Hi everyone, all five of you!
I’m at the Singapore airport, waiting for my flight to Paris via Chengdu. This is something like the midpoint of something like 52 hours of travel – half in the air and half layovers. It’s nice, makes a good transition to the next thing up – which I’ll get to telling you about shortly!
Australia was lovely, and the assistance group (seminar sort of thing) that I went there to attend gave me lots of food for work over the next year. I asked loads of questions and Jesus answered a lot of them, which means I got to be on camera quite a bit. So if you miss my mug, you’ll be able to watch these videos once they’re online (in a few months, maybe). I’ll let you know.

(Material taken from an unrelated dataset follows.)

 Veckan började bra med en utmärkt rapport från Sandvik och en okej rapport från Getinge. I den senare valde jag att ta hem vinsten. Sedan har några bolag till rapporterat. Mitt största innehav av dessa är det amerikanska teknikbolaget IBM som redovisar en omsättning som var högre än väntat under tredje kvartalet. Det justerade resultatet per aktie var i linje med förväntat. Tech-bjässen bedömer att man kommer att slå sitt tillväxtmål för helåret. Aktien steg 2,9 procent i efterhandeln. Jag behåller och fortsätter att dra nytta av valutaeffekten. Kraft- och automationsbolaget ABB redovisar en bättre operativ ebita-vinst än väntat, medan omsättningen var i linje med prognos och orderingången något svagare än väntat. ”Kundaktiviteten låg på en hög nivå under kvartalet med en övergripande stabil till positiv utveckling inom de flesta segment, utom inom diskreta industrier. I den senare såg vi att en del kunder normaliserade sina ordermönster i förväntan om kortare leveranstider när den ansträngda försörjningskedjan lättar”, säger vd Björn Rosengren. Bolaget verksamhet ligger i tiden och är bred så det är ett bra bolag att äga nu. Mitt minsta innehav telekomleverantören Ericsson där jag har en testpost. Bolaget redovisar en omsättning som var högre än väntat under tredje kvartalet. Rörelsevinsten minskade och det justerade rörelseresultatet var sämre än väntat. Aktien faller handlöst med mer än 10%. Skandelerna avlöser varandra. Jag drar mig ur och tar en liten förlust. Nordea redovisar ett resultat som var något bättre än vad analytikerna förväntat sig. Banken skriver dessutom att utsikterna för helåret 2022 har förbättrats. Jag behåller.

On one of the days off, I took the local bus over to Sunshine Beach and was sauntering on the sand, seeing bunches of these creatures washing up out of the sea:
They look a bit like jellyfish. I took a photo so I could ask people what they were when I got back to the group, and an Aussie who was walking on the beach nearby saw me doing that and called over to ask what I’d found. So we had a bit of conversation about ocean life, one thing and another, and then he offered to take me on a little tour of the Noosa headlands. He’s a retired, older guy, and he said he does this kind of thing once in a while, offering to show people around. Bit lonely, probably. Also, probably, Asperger’s. Interesting how I’ve been meeting men with Asperger’s. So off we went, in his automobile, to see some of the sights.

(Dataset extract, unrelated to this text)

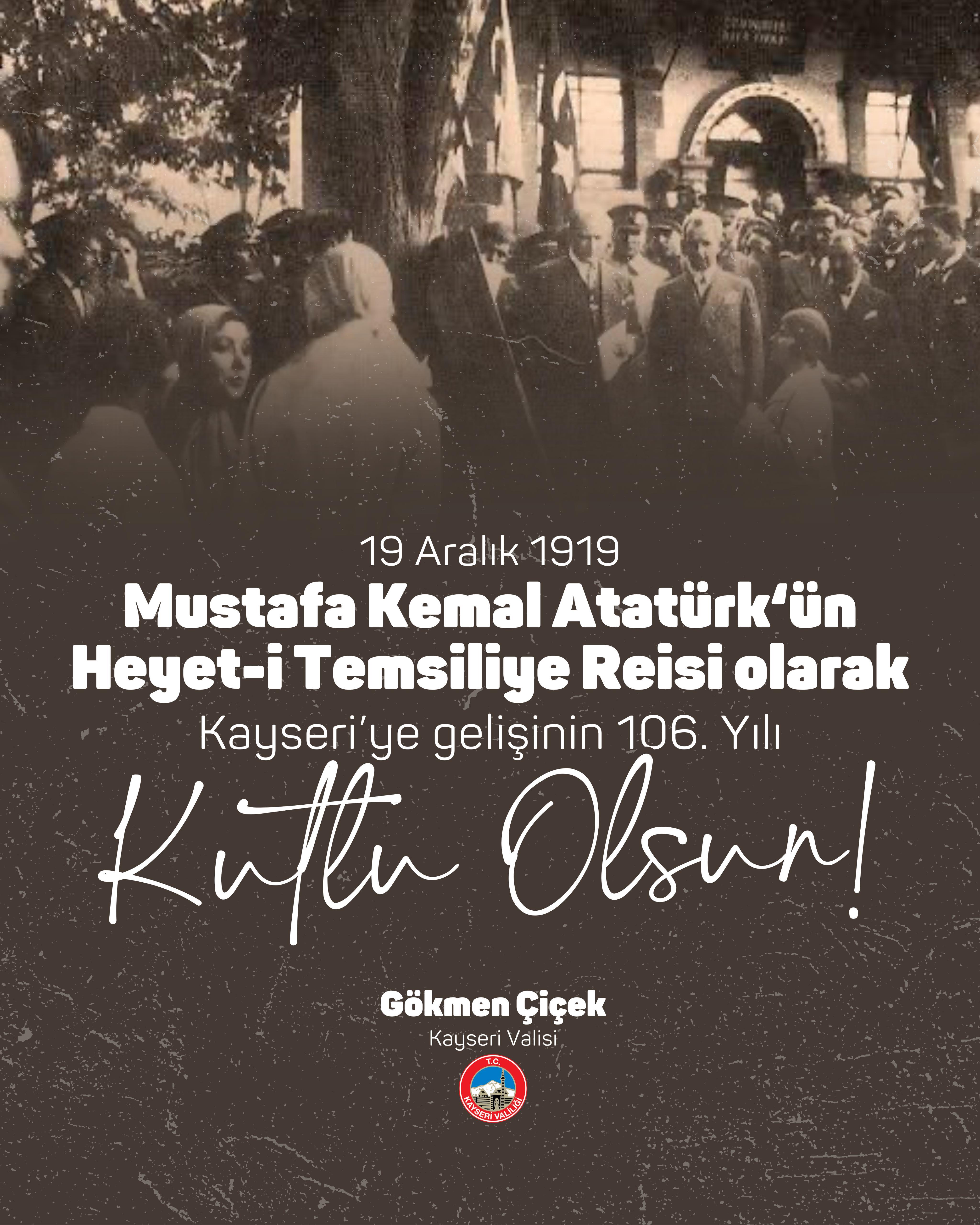 Valilikten yapılan yazılı açıklamada Vali Gökmen Çiçek, Atatürk’ün Kayseri’ye teşriflerinin yıl dönümünü gururla kutladıklarını belirterek, şu ifadelere yer verdi:

At Tea Tree Bay in the national park, lots of surfers were surfing. Dick noticed a kid, maybe 12 years old, off to the side, who’d got picked up in a rip tide and was floating away along the rocky shore, followed by his mother, who kept trying but never could catch up to him. Dick understood what was happening in a flash, and started shouting to the surfers for help. They weren’t paying any attention, so he started to run over toward them, but the beach is super rocky there, and he broke his flip-flop first thing, so he just kept shouting and pointing. Finally, a couple of guys realized what was happening. They went out in the water and, with a bit of complicated maneuvering, finally got to the kid and helped him and his mother to shore. Talking afterward, Dick and the surfer guys were speculating on what would’ve happened if they hadn’t helped, and they all thought it to have been quite a serious situation. “Yeah,” one of the surfers said, “he was [expletive], and the mum was [expletive] too.” Meaning, I gathered, really really tired. It’s nice to think Dick saved a life or two, and that maybe he was there to do it because we’d both chosen to be open and trusting. You think?
Then we saw a koala, which I’d never seen before. Way up in a eucalyptus tree, just like they’re supposed to be. I’m told koalas are actually marsupials, not bears. Now I know.
What else? I’m taking an essay writing class online, and will be taking another in April. The idea being to develop my writing skills and confidence some more, so that I can begin to seek publications this year. I’m also still working on the two novels that I’ve brought traveling with me. And still writing abstracts of business-related articles and books on politics (mostly Russia and Ukraine) for getAbstract.
Don’t have a lot more to tell you, except … ta-da!
I imagine I’ve told you about this notion in some way before, but now it’s time to unveil the true extent of it!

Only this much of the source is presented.